** What is needed **
Pictures stay out of the copy. Retype exactly, and only, the lines from the one containing "ОТВЕТ на задание" through the end of the listing below.

________

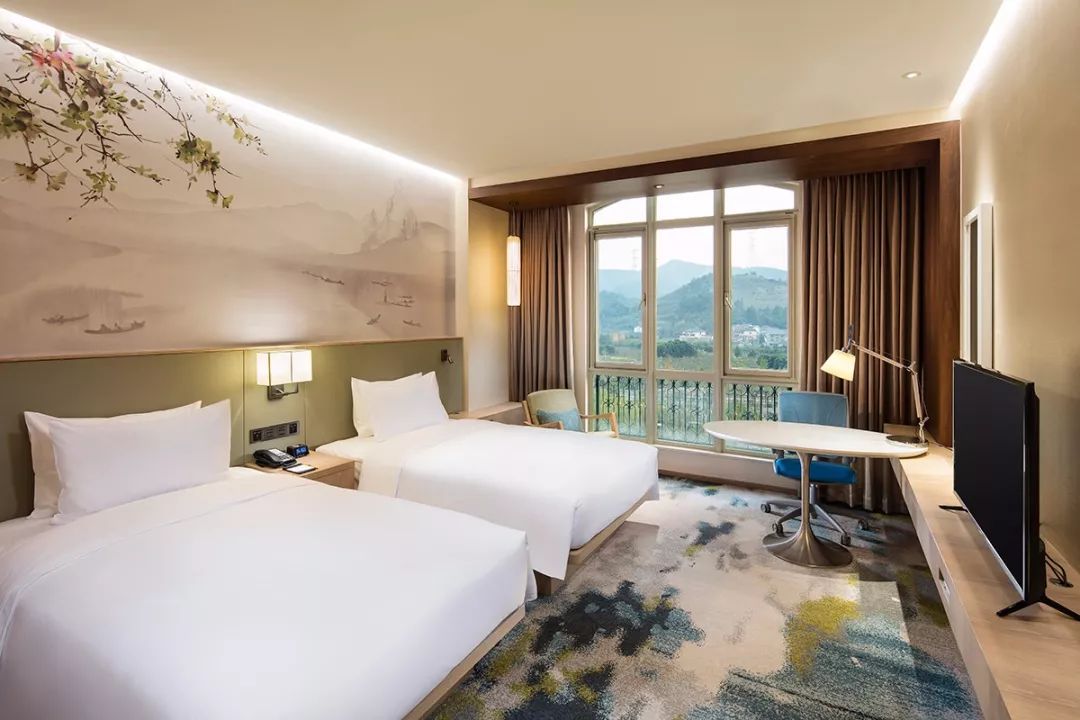 花园山景房里,一副诗意的江南水墨画设计为床头背景墙,就仿佛是窗外群山的衍生。配色、装饰都是养眼的温馨风格~
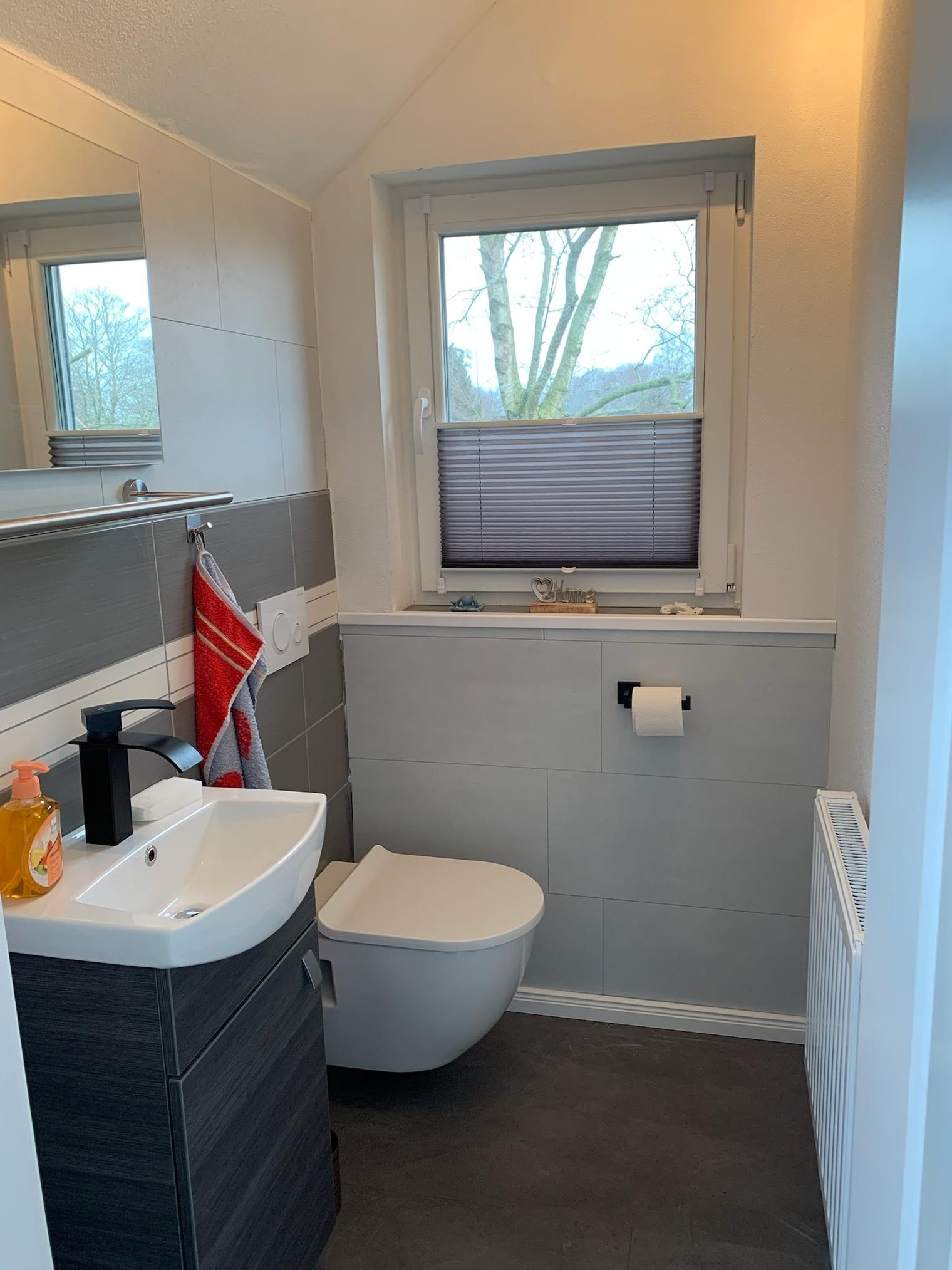 EG: Flur, Bad mit Dusche, Wohnzimmer und Küche, Schlafzimmer, alle Räume mit Fußbodenerwärmung OG: Schlafzimmer, Gäste WC und Leseecke
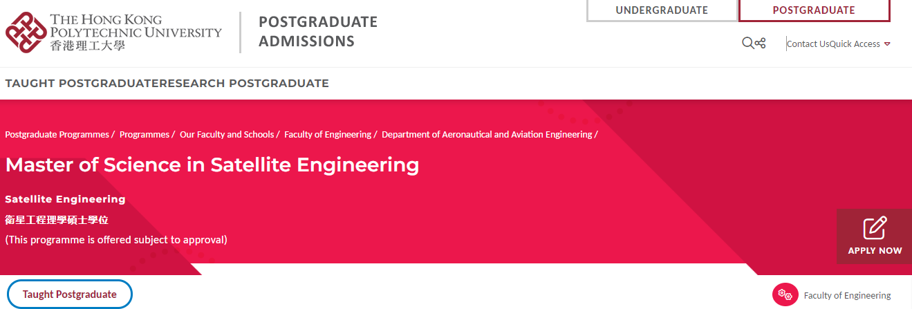 近日,最近香港理工大学又放大招啦!新增了两个超热门的理学硕士专业——卫星工程硕士(Master of Science in Satellite Engineering)和网络空间安全硕士(Master of Science in Cybersecurity),都是未来科技发展的核心方向!下面,我们一起来看看~
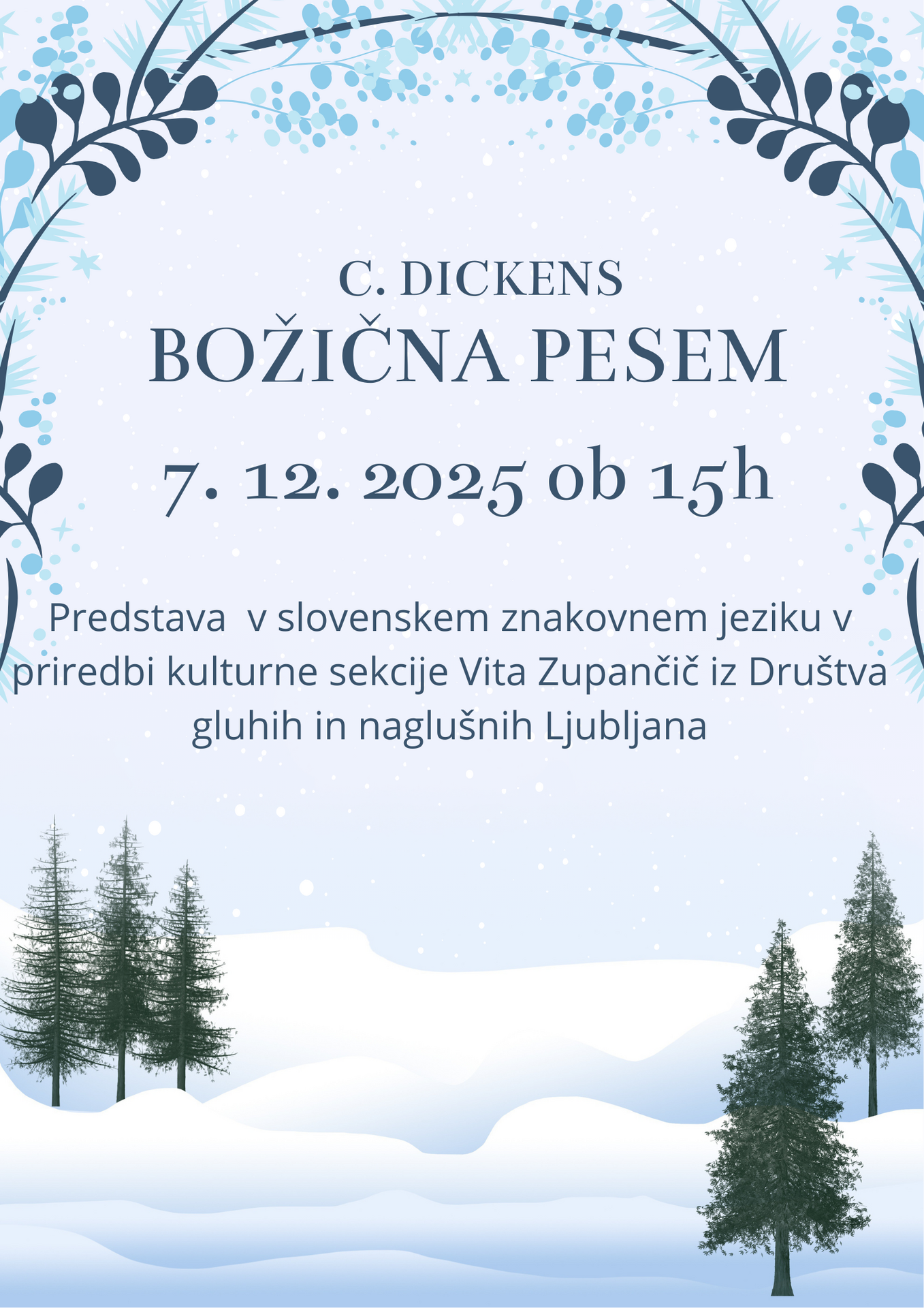 V nedeljo 7. decembra, ob 15.00 vabljeni v Dom Kulture Kamnik, kjer bo prvič v slovenskem znakovnem jeziku predstavljena priredba pravljice Božična pesem. Po predstavi bo otroke obdaroval Dedek Mraz. Za simbolična darila bo poskrbelo Društvo gluhih in naglušnih Ljubljana. Starše zato naprošamo, da ne prinašajo svojih daril.
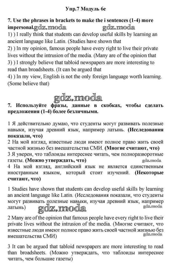 ОТВЕТ на задание № 7 Учебник по Английскому языку 11 класс Эванс Spotlight
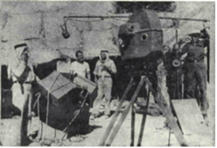 صورة تُظهر ما وراء الكواليس في فيلم "جزيرة العرب"، الذي يتضمن مشاهد نادرة لمواقع مختلفة من المملكة. نشرة " Arabian Sun And Flare"، 15 يونيو 1955، (أرشيف أرامكو).
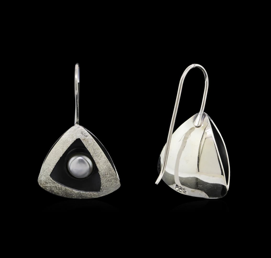 One of a kind high fashion sterling silver Earrings and Pendant Jewelry Suite weighing 21.8 grams. Containing: Natural Button Pearl. This sterling silver promises a lasting shine.
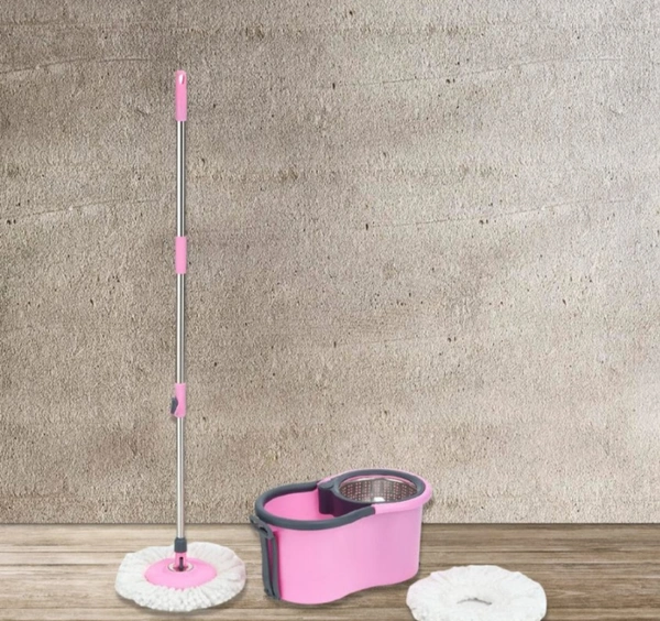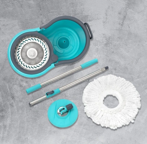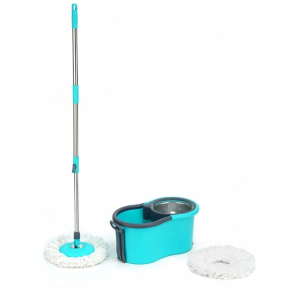 Spin mop with an oval bucket and stainless steel basket for your daily cleaning needs.

________

** Exercise solution **
 ОТВЕТ на задание № 7 Учебник по Английскому языку 11 класс Эванс Spotlight
 صورة تُظهر ما وراء الكواليس في فيلم "جزيرة العرب"، الذي يتضمن مشاهد نادرة لمواقع مختلفة من المملكة. نشرة " Arabian Sun And Flare"، 15 يونيو 1955، (أرشيف أرامكو).
 One of a kind high fashion sterling silver Earrings and Pendant Jewelry Suite weighing 21.8 grams. Containing: Natural Button Pearl. This sterling silver promises a lasting shine.
 Spin mop with an oval bucket and stainless steel basket for your daily cleaning needs.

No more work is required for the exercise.